So, usual message - anyone thinking of getting one needs to do their research first, and please don't just get tempted by all those lovely coat colours and blue eyes ...


----------



## Fleur (Jul 19, 2008)

Welcome to the forum Karen 
You can't possibly tell us about your unusual and beautiful dogs  and not post any pictures 
Not a breed I could ever cope with far to energetic and inteligent for me, I'd never keep up


----------



## Dober (Jan 2, 2012)

Would love to see some pictures  I betcha get a lot of 'Catawhata?'


----------



## zem (May 25, 2013)

i have a catahoula i used to live in canada and i got shea from a rescue centre she is a great dog as alot of energy so needs to be walk alot or i am throwing her ball  when i was coming back to the uk i was not going to leave her behind so me and my wife brought her back with us she has settle in the uk really easy i would love to know if anyone has one to in the uk cant seam to find anything on the internet


----------



## MyMillie (Jun 17, 2012)

zem said:


> i have a catahoula i used to live in canada and i got shea from a rescue centre she is a great dog as alot of energy so needs to be walk alot or i am throwing her ball  when i was coming back to the uk i was not going to leave her behind so me and my wife brought her back with us she has settle in the uk really easy i would love to know if anyone has one to in the uk cant seam to find anything on the internet


Ooooo can we have pics please , I've only just found this thread and never heard of this breed before, would love to know about her


----------



## Sball1995 (Dec 27, 2013)

Did you have any success getting a Catahoula? My Catahoula is traveling over from the USA in a few days time. I have had her for about a year now and intend to breed her in the UK. Shes undoubtably the most stunning and intelligent dog i have ever seen. If i take her out i always have people stopping me to ask about her and take pictures!


----------



## kiara (Jun 2, 2009)

One day I would love to own one. x


----------



## JenKyzer (Jun 25, 2013)

Sball1995 said:


> Did you have any success getting a Catahoula? My Catahoula is traveling over from the USA in a few days time. I have had her for about a year now and intend to breed her in the UK. Shes undoubtably the most stunning and intelligent dog i have ever seen. If i take her out i always have people stopping me to ask about her and take pictures!

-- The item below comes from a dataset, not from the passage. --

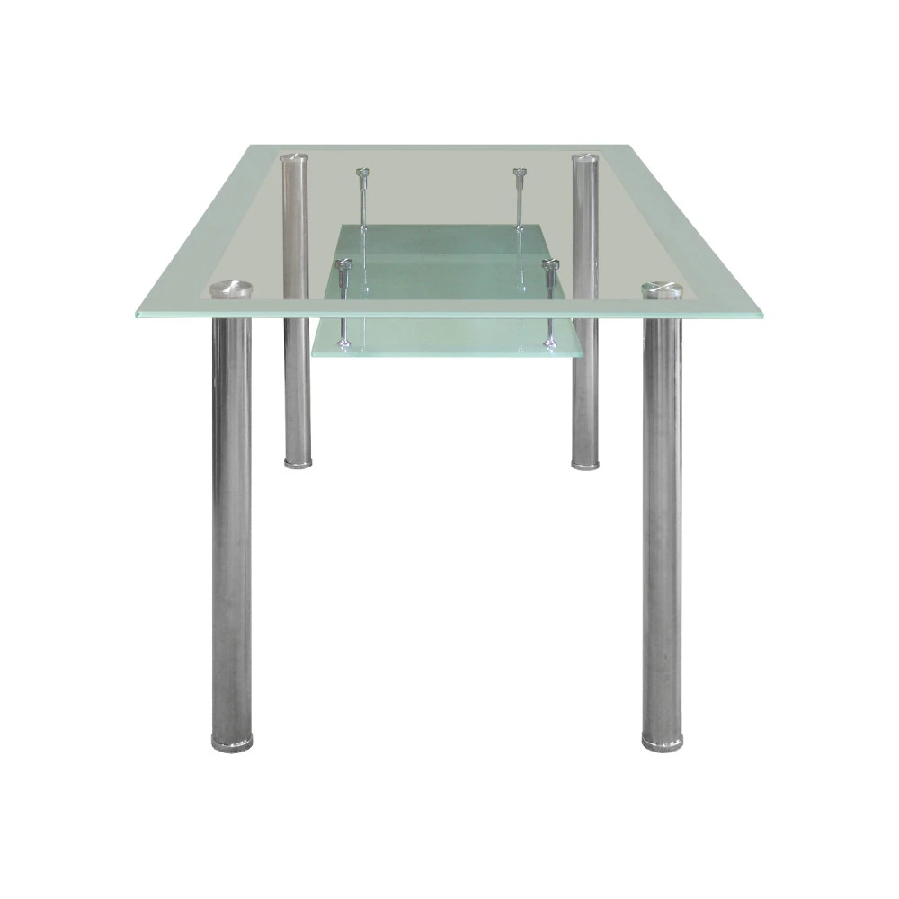 provedení v kombinaci kov / tvrzené sklo kovové pochromované nohy odkládací police pískované tvrzené sklo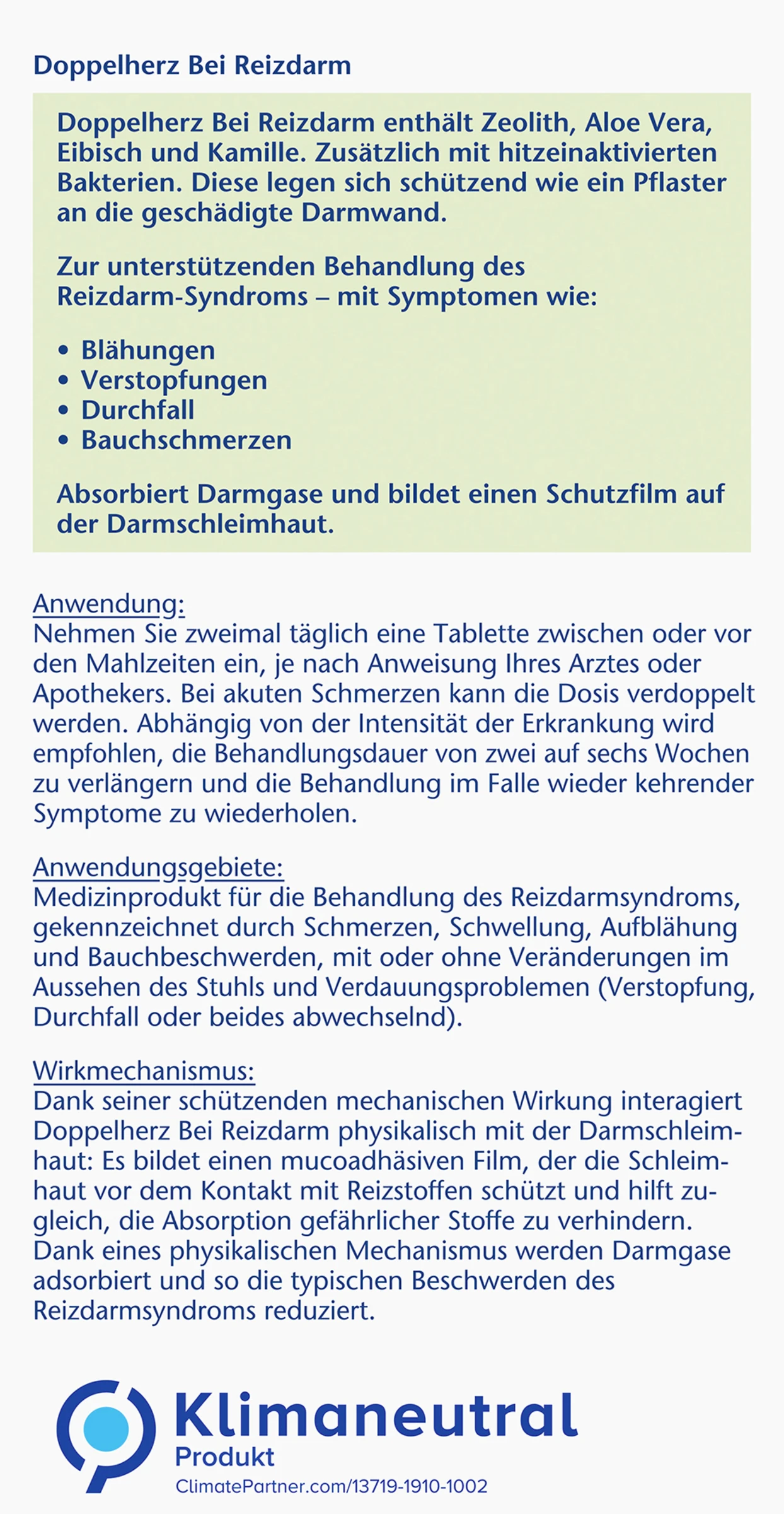 Das Medizinprodukt Doppelherz Bei Reizdarm enthält das Mineral Zeolith in Kombination mit Kamillen- und Eibischextrakt sowie Aloe Vera und wird zur unterstützenden Behandlung des Reizdarm-Syndroms mit folgenden Symptomen angewendet: Blähungen, Verstopfungen, Durchfall und Bauchschmerzen.Zusätzlich sind hitzeinaktivierte Bakterien enthalten. Diese legen sich wie ein Pflaster an die geschädigte Darmwand.

Such a beautiful rare dog (for the UK)


----------



## Colette (Jan 2, 2010)

They're a breed I adore (in theory - I've never had the pleasure of meeting one). Definitely one for my "if I win the lottery / could have any dog I wanted" list!

She's beautiful :001_wub:


----------



## Guest (Dec 28, 2013)

Sball1995 said:


> Did you have any success getting a Catahoula? My Catahoula is traveling over from the USA in a few days time. I have had her for about a year now and intend to breed her in the UK. Shes undoubtably the most stunning and intelligent dog i have ever seen. If i take her out i always have people stopping me to ask about her and take pictures!


A previous member mentioned the merles carry lots of health problems. 
Enjoy her as a pet.


----------



## adens leopard dog (Jul 7, 2012)

new dog FB group
https://www.facebook.com/pages/Catahoula-Leopard-Dog-UK/586116348124158


----------



## rosievitta (Feb 23, 2014)

Hi 
I'm from Dorset , I currently have a impeccable well exercised /ex worked around horses Border Collie and I am seriously thinking of getting a Cat dog, was wondering if you were thinking of having any litters this year , I am currently from the States and are familiar with the breed..

Kind Regards 
Rosie Baldwin


----------



## Guest (Jan 23, 2019)

New forest catahoulas uk said:


> Hello,
> Try NewForestCatahoulasUk they have littlest planned


This thread is from 2014 - I doubt they're still looking.


----------